Wed Sep 16 19:53:19 UTC 2020

В сряда, 16 септември 2020 г., 11:54:57 Гринуич+3, Alexander Iliev <ailiev+gluster at mamul.org> написа: 

>From what I understood, in order to be able to scale it one node at a 
time, I need to set up the initial nodes with a number of bricks that is 
a multiple of 3 (e.g., 3, 6, 9, etc. bricks). The initial cluster will 
be able to export a volume as large as the storage of a single node and 
adding one more node will grow the volume by 1/3 (assuming homogeneous 
nodes.)

    You can't add 1 node to a replica 3, so no - you won't get 1/3 with that extra node.

My plan is to use ZFS as the underlying system for the bricks. Now I'm 
wondering - if I join the disks on each node in a, say, RAIDZ2 pool and 
then create a dataset within the pool for each brick, the GlusterFS 
volume would report the volume size 3x$brick_size, because each brick 
shares the same pool and the size/free space is reported according to 
the ZFS pool size/free space.

I'm not sure about ZFS (never played with it on Linux), but in my systems I setup a Thinpool consisting on all HDDs in a striped way (when no Hardware Raid Controller is available) and then you setup thin LVs for each brick.
In thin LVM you can define Virtual Size and this size is reported as the volume size (assuming that all bricks are the same in size).If you have 1 RAIDZ2 pool per Gluster TSP node, then that pool's size is the maximum size of your volume. If you plan to use snapshots , then you should set quota on the volume to control the usage. 
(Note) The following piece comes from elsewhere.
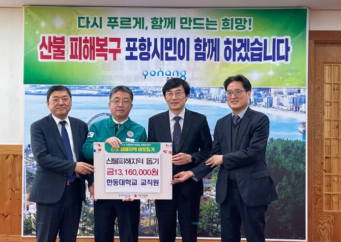 지난 24일 포항시청에서 열린 성금 전달식에서 한동대학교 교직원들은 자발적으로 모은 1,316만 원을 경북 산불 피해 복구 성금으로 전달했다.

How should I go about this? Should I create a ZFS pool per brick (this 
seems to have a negative impact on performance)? Should I set a quota 
for each dataset?

I would go with 1 RAIDZ2 pool with 1 dataset of type 'filesystem' per Gluster node . Quota is always good to have.

P.S.: Any reason to use ZFS ? It uses a lot of memory .

Best Regards,
Strahil Nikolov